Et, Geoffrey Webb de dévider l'écheveau de ses souvenirs, et les circonstances qui l'ont conduit jusqu'ici :
Son enfance passée auprès d'un père violent, ivrogne, qui en plus de le battre, abusait de ses deux soeurs. A l'âge de 15 ans, alors que son père est en prison, son oncle le conduit à l'Église, et là il a une révélation. Non, pas la révélation de la foi, mais que l'Église baptiste peut lui permettre de se réaliser, qu'il pouvait enfin être accepté dans un groupe et s'intégrer dans un collectif.
« Après 15 ans, j'avais enfin trouvé ma voie.
J'avais aussi découvert une profession. le Frère Léonard devint mon modèle, et en le regardant travailler pendant les années qui suivirent je commençai à comprendre que son boulot était une arnaque écoeurante. »
A la fin de ses études, Frère Léonard le recommande auprès de Frère Card, le pasteur de l'Église Baptiste pour une Vie Meilleure, à Little Rock, Arkansas pour occuper le poste d'aumônier des jeunes. Lors de l'entretien avec Frère Card, il dupera le pasteur sans aucune difficulté, étant passé maître dans l'art de dire aux gens ce qu'ils veulent entendre, et il obtiendra le poste.
Lors de sa première rencontre avec les jeunes, il rencontre Angela, la fille du pasteur. Grosse, sans attrait, mal fagotée, « aussi sensuelle qu'un plaque de plâtre ». Et contre toute attente, chose merveilleuse et terrible, il va tomber amoureux fou de cette jeune fille de 16 ans.
Jake Hinkson nous embarque dans un road movie, absolument noir, complètement déjanté et loufoque, vu à travers le prisme d'une petite communauté religieuse de prêcheurs bigots et fondamentalistes, comme il en existe des dizaines aux États-Unis.
Geoffrey le narrateur est un antihéros honnête avec lui-même.
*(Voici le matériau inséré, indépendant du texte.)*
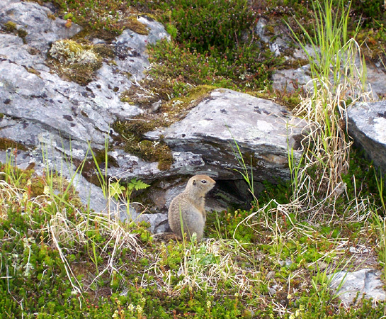 Local resident at Hatcher Pass, an artic ground squirrel, by the shore of Summit Lake.

Il nous livre une confession sincère sans chercher à tricher. Il raconte son histoire sans se chercher d'excuses, il énonce simplement des faits. Au départ, ce n'est pas un mauvais gars, il cherche simplement à manipuler les gens, sans méchanceté, pour se faire une place au sein de cette congrégation baptiste qu'il a l'ambition de diriger un jour.
Mais les choses ne tournent pas en sa faveur et ses actions, au fur et à mesure de l'histoire, deviennent de plus en plus horribles. le premier crime, presque par maladresse, en entraînant un autre, et puis un autre dans un crescendo de l'horreur. Il n'est pas le moins du monde sympathique, mais il est très convaincant, et pourrait même s'attirer un peu de bienveillance de la part du lecteur, car les autres personnages de la congrégation ne sont pas des parangons de droiture ou d'honnêteté.
Hinkson a créé des personnages parfaitement marqués dans un environnement morne et noir , qui ne doit pas lui être tout à fait étranger. Ce n'est pas un roman autobiographique, mais l'auteur, fils de prêcheur baptiste élevé dans les montagnes de l'Arkansas, a dû puiser pas mal dans sa propre expérience pour nous décrire la communauté religieuse et la population de Little Rock. L'auteur tire à boulets rouges sur les faux-dévôts et la religion, vidée de sa substance pour n'être que mercantile.
C'est un roman noir, sanglant, dépravé et obscène, délicieusement transgressif et non dénué d'humour.
Selon le Los Angeles Review of Books, « L'union impossible de Sinclair Lewis,
Jim Thompson et
Charles Willeford… Un roman sauvagement psychotique et pourtant bizarrement rempli de compassion. »
Un O.L.N.I dans la production littéraire de ce début d'année, et un auteur à suivre, assurément.